WHAT YOU SHOULD DO: Exact reproduction is required for the lines below starting at the line with "For this afternoon’s" and ending at the line with "Rozkladacia sedacia súprava", both included. No other lines, and no pictures.

INFORMATION SUPPLIED:
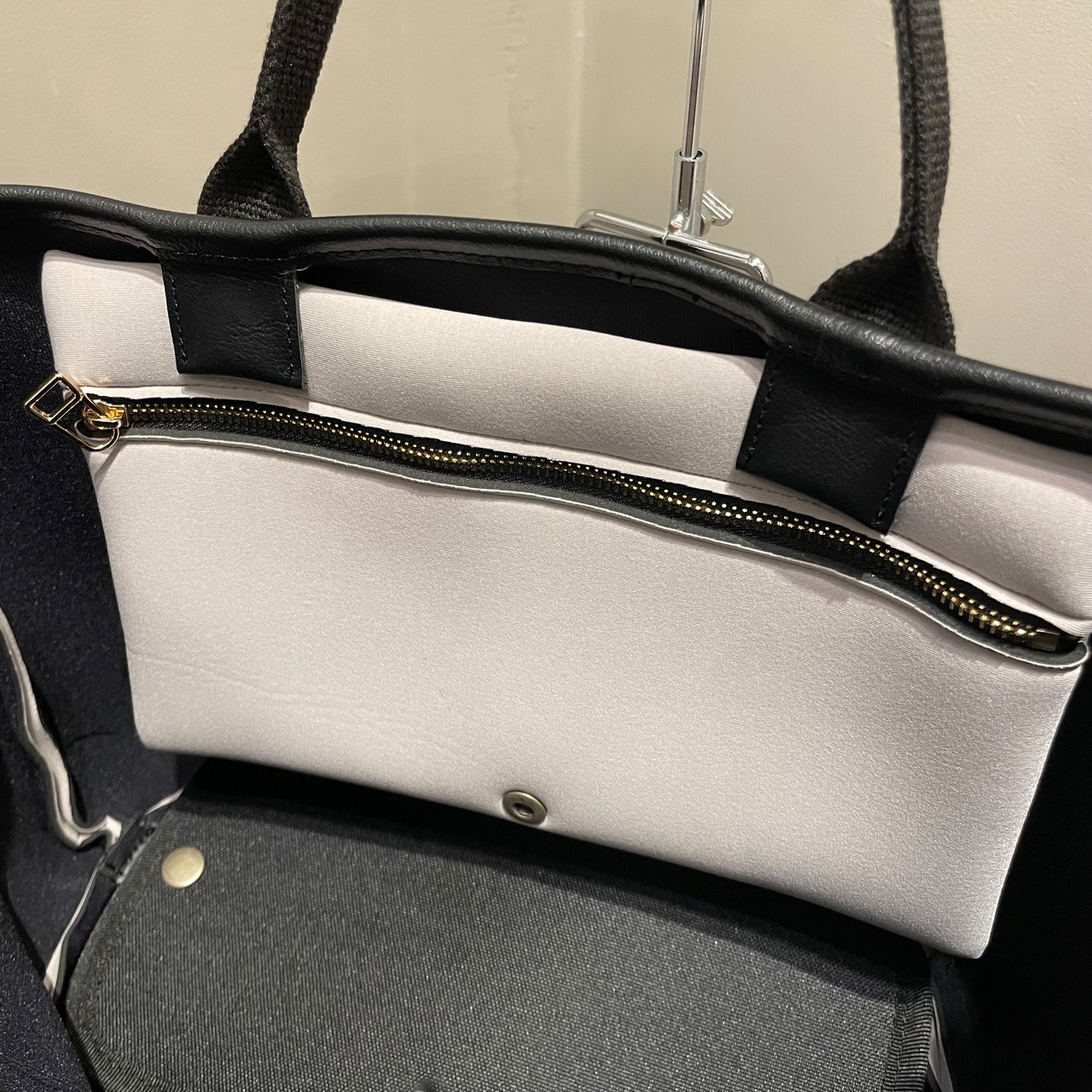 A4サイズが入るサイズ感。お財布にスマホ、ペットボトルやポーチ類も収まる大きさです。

==

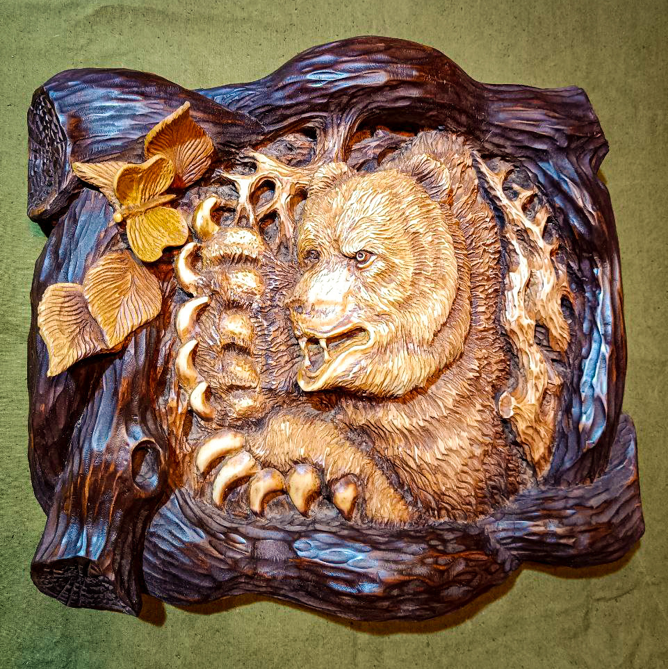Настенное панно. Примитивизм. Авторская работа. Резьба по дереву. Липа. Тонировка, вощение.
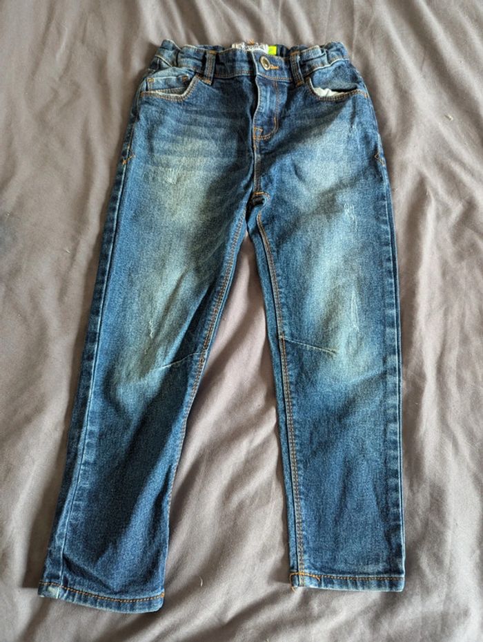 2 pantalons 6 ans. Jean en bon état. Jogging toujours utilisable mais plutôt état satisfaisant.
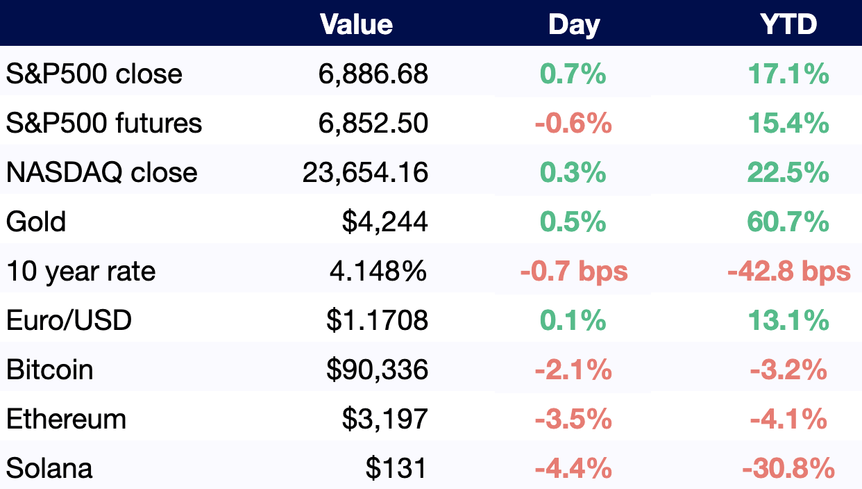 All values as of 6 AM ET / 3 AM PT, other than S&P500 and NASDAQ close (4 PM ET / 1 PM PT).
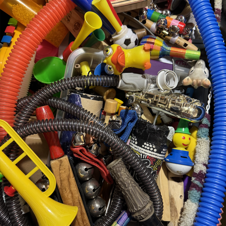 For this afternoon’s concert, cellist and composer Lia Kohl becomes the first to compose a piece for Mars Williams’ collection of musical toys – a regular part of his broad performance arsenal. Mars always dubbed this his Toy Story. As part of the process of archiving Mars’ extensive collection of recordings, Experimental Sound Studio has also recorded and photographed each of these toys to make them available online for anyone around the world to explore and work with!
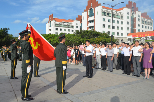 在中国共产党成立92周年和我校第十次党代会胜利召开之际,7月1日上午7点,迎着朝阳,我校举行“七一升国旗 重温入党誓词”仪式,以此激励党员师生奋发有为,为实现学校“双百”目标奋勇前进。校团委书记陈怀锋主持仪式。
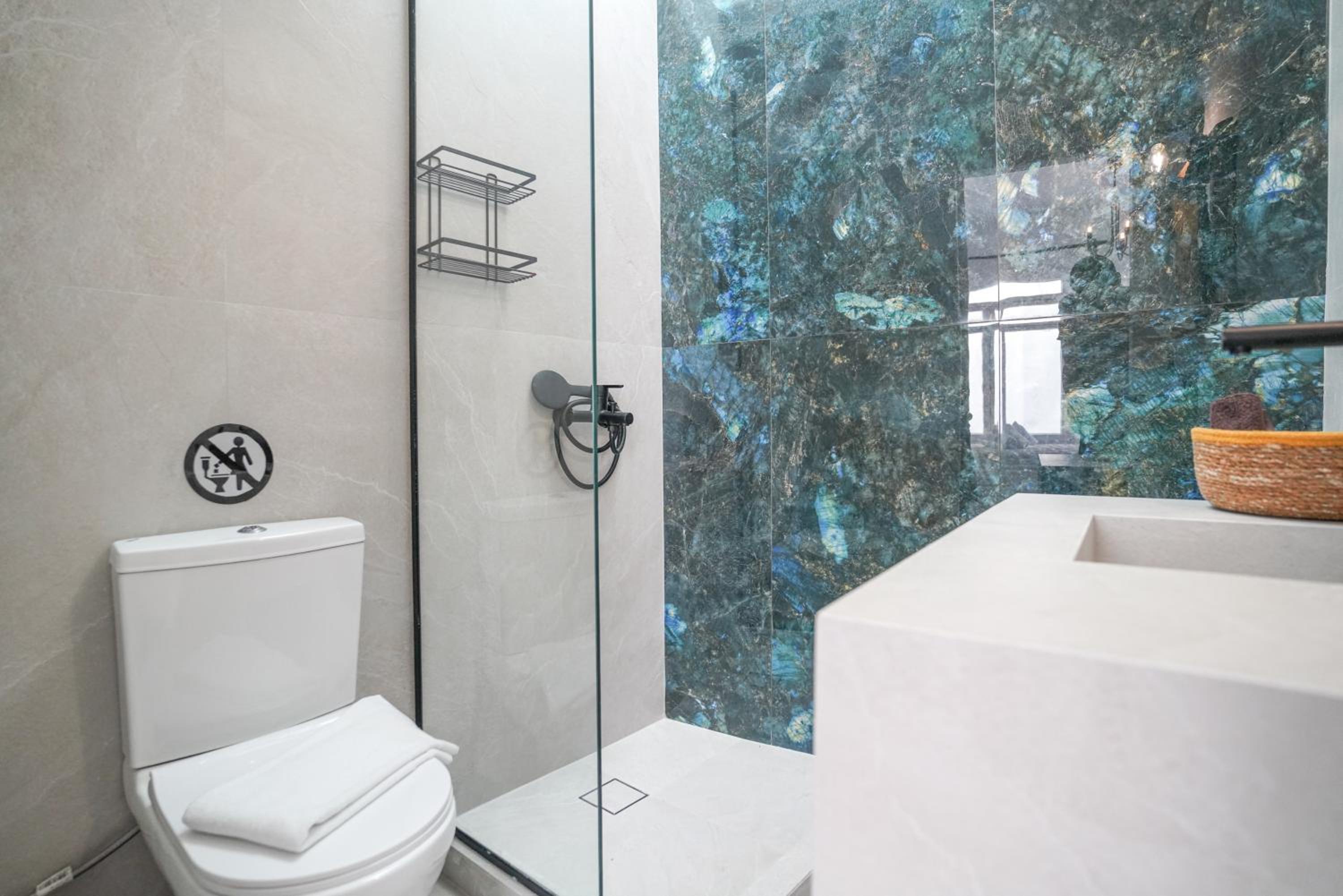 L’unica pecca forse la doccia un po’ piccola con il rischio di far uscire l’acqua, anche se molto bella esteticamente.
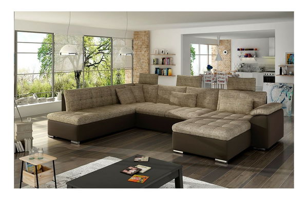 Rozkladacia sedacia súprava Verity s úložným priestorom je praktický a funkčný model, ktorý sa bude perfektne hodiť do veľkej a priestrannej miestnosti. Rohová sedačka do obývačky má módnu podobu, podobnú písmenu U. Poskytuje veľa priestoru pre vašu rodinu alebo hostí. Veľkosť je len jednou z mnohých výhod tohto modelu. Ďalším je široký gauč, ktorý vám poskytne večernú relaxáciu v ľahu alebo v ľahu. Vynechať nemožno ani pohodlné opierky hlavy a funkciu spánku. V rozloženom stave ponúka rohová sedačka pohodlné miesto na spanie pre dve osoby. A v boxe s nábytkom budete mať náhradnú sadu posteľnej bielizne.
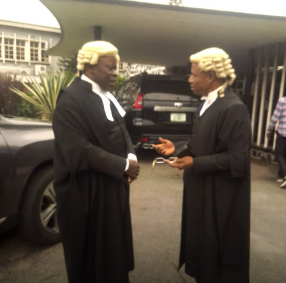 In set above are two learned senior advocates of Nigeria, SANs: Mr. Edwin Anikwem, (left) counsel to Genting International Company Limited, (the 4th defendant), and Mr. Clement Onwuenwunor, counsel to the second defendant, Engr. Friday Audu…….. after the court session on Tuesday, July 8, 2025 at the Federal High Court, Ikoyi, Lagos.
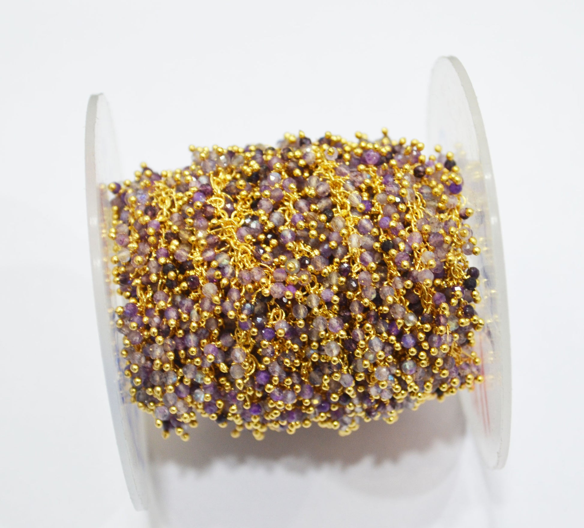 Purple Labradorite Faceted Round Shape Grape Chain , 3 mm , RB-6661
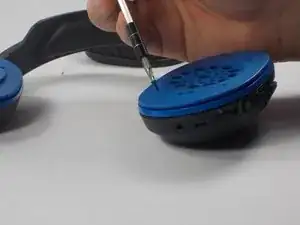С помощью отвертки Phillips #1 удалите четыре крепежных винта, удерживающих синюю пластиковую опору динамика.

SOLUTION TO THE PROBLEM:
 For this afternoon’s concert, cellist and composer Lia Kohl becomes the first to compose a piece for Mars Williams’ collection of musical toys – a regular part of his broad performance arsenal. Mars always dubbed this his Toy Story. As part of the process of archiving Mars’ extensive collection of recordings, Experimental Sound Studio has also recorded and photographed each of these toys to make them available online for anyone around the world to explore and work with!
 在中国共产党成立92周年和我校第十次党代会胜利召开之际,7月1日上午7点,迎着朝阳,我校举行“七一升国旗 重温入党誓词”仪式,以此激励党员师生奋发有为,为实现学校“双百”目标奋勇前进。校团委书记陈怀锋主持仪式。
 L’unica pecca forse la doccia un po’ piccola con il rischio di far uscire l’acqua, anche se molto bella esteticamente.
 Rozkladacia sedacia súprava Verity s úložným priestorom je praktický a funkčný model, ktorý sa bude perfektne hodiť do veľkej a priestrannej miestnosti. Rohová sedačka do obývačky má módnu podobu, podobnú písmenu U. Poskytuje veľa priestoru pre vašu rodinu alebo hostí. Veľkosť je len jednou z mnohých výhod tohto modelu. Ďalším je široký gauč, ktorý vám poskytne večernú relaxáciu v ľahu alebo v ľahu. Vynechať nemožno ani pohodlné opierky hlavy a funkciu spánku. V rozloženom stave ponúka rohová sedačka pohodlné miesto na spanie pre dve osoby. A v boxe s nábytkom budete mať náhradnú sadu posteľnej bielizne.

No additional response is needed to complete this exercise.